No retroactive waiver of the VAT exemption on the sale of real estate - BNF ruling XI B 60/20

In its decision of 25 January 2022 (unofficially published on 2 June 2022), the German Federal Financial Court (BFH) reaffirmed that the waiver of the VAT exemption must be declared in the notarised real estate purchase contract. There is no second chance.

Background information:  Need to protect the buyer

Pursuant to § 9 (3) Sentence 2 of the German VAT Code (UStG), the waiver of the VAT exemption on the sale of real estate, which is in principle tax-exempt, can only be exercised in the notarised real estate purchase agreement. This is done to protect the purchaser, because waiving the VAT exemption transfers the tax liability to the purchaser in accordance with § 13b of the UStG. The obligation to notarise the waiver in the purchase contract is intended to protect the buyer from being caught off guard by this tax liability.

Facts of the case:  belated option

The plaintiff in the proceedings discussed here had sold real estate and in doing so had not declared a waiver of the tax exemption in the notarised contract. However, the buyer and seller later had a waiver notarised.

Arguments for non-admission appeal

The Financial Court of Hesse did not accept the belated waiver and did not allow an appeal to the BFH. The plaintiff appealed this decision to the BFH with a complaint of non-admission. He argued that he and the purchaser had, in fact, already agreed at the time the purchase contract was concluded that VAT would be opted for. Inadvertently, this was not included in the contract. Since he and the purchaser had agreed to the waiver, the purchaser did not have to be protected from a surprise tax liability under § 13b of the UStG. In addition, no tax loss would arise from the belated waiver. Moreover, the decision of the Financial Court of Hesse deviated, among other things, from the BFH decision XI R 22/19 of 2 July 2022 (our online article on this topic can be found here), so that the BFH must now allow the appeal, among other things, to ensure a uniform case law.
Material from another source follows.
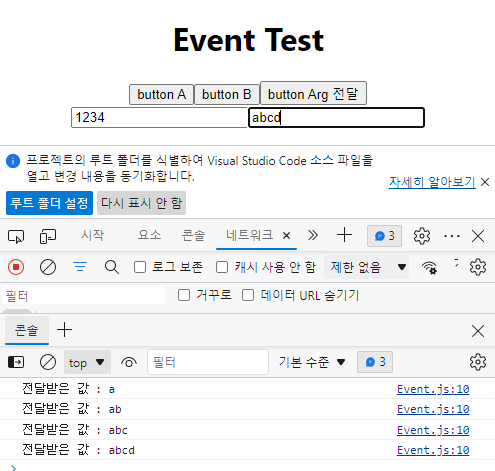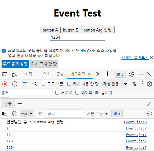 Event.js 파일을 수정합니다.  (함수 추가, 버튼 추가)

The fundamental importance of the question also justifies the admission of the appeal.

Grounds for non-admission of the appeal

The BFH dismissed the appeal against non-admission as unfounded. There was no divergence from the decision XI R 22/19 (and another decision) because these decisions dealt with the reversal of the waiver, not with the belated waiver. The question of the admissibility of a belated waiver is also not of fundamental importance because it has already been decided by the highest court and therefore does not require clarification. In this respect, the BGH refers to its earlier case law, according to which a belated waiver is invalid even if it is also notarised. The reason:  With § 9 (3) sentence 2 of the UStG, the legislator intended to specify not only the form of the waiver, but also the point in time, which the BFH had already established in its earlier case law.

The plaintiff's argument that the parties to the real estate purchase agreement had already decided to use the waiver when concluding the notarised purchase agreement, which was merely not included in the agreement due to an oversight, likewise does not justify the admission of the appeal. This factual allegation does not correspond to the findings of the Financial Court of Hesse, and only the facts established by the court of first instance can be used as a basis in the appeal.

Practical implications

The BFH did not have to address the question of whether a waiver agreed orally between the parties to the purchase contract and subsequently notarised is effective. Such a situation could therefore occupy the Financial Courts again in the future. However, it seems unlikely that the BFH would declare such a waiver to be effective, meaning that strict care should still be taken when purchasing real estate to include the waiver immediately in the purchase agreement, which must be notarised.